Schweizer Forschende haben einen Genschalter entwickelt, der sich mit dem grünen LED-Licht handelsüblicher Smartwatches betätigen lässt – eine Premiere, die künftig für die Diabetesbehandlung genutzt werden könnte.

Viele moderne Uhren haben LED-Dioden integriert. Diese geben kontinuierlich oder gepulst grünes Licht ab, das die Haut durchdringt und unter anderem dafür genutzt wird, während sportlicher Betätigung oder in Ruhe den Puls zu messen. Forschende um Martin Fussenegger vom Departement Biosysteme in Basel wollen diese Lichtquelle nun nutzen, um durch die Haut hindurch Gene zu steuern und das Verhalten von Zellen zu verändern.

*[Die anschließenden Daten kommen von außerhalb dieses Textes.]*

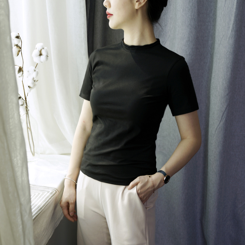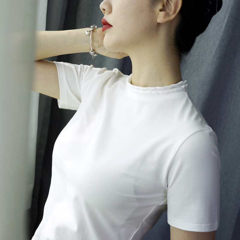 Tide - card semi - tall short - sleeved T - shirt in the summer of 2021 to make a pure cotton - ear petal thin coat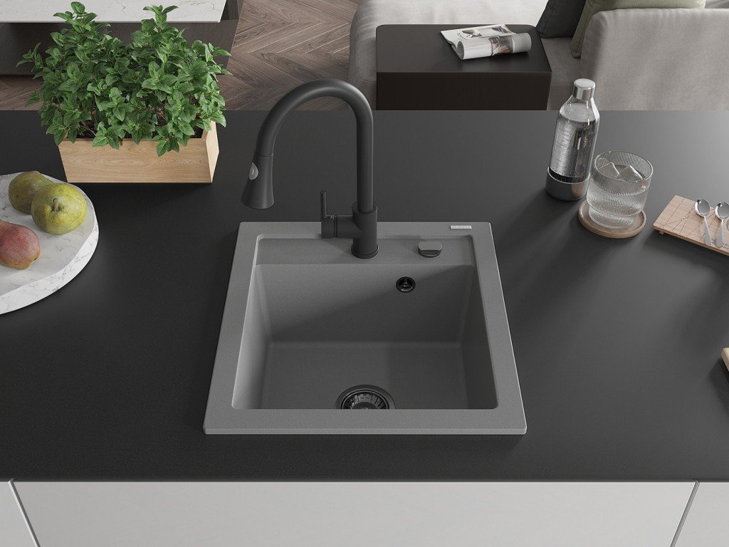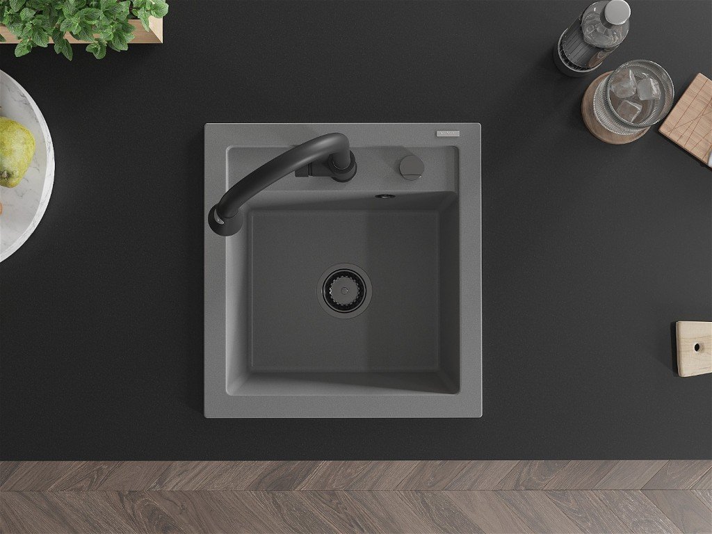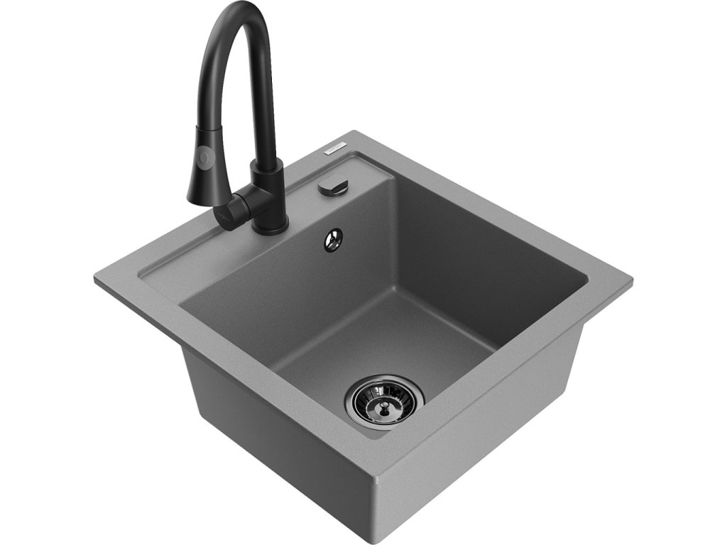 MEXEN/S - Vito granitový dřez 1-miska včetně baterie Elia, šedá 6503-71-670101-70-B

Sie entwickelten einen molekularen Schalter, der – einmal implantiert – mit grünem Licht von Smartwatches aktiviert werden kann. Dieser ist gekoppelt mit einem genetischen Netzwerk, das die Forschenden menschlichen Zellen hinzufügten. Je nach Konfiguration dieses Netzwerks – sprich: mit welchen Genen es ausgestattet ist – kann es beispielsweise Insulin produzieren, sobald grünes Licht auf die Zellen trifft. Wird das Licht ausgeschaltet, wird der Schalter inaktiviert und der Vorgang stoppt. Die Forschenden benutzten dafür die Standardsoftware der Smartwatch und mussten nicht einmal eigene Programme entwickeln.

Ihr System testeten die Forschenden sowohl an einer Speckschwarte (Lichtdurchlässigkeit) als auch an lebenden Mäusen, denen sie die entsprechenden Zellen implantierten und eine Smartwatch wie ein Rucksack anschnallten. Durch das Starten des Laufprogramms der Uhr schalteten die Forschenden das Grünlicht ein und setzten die Kaskade in Gang.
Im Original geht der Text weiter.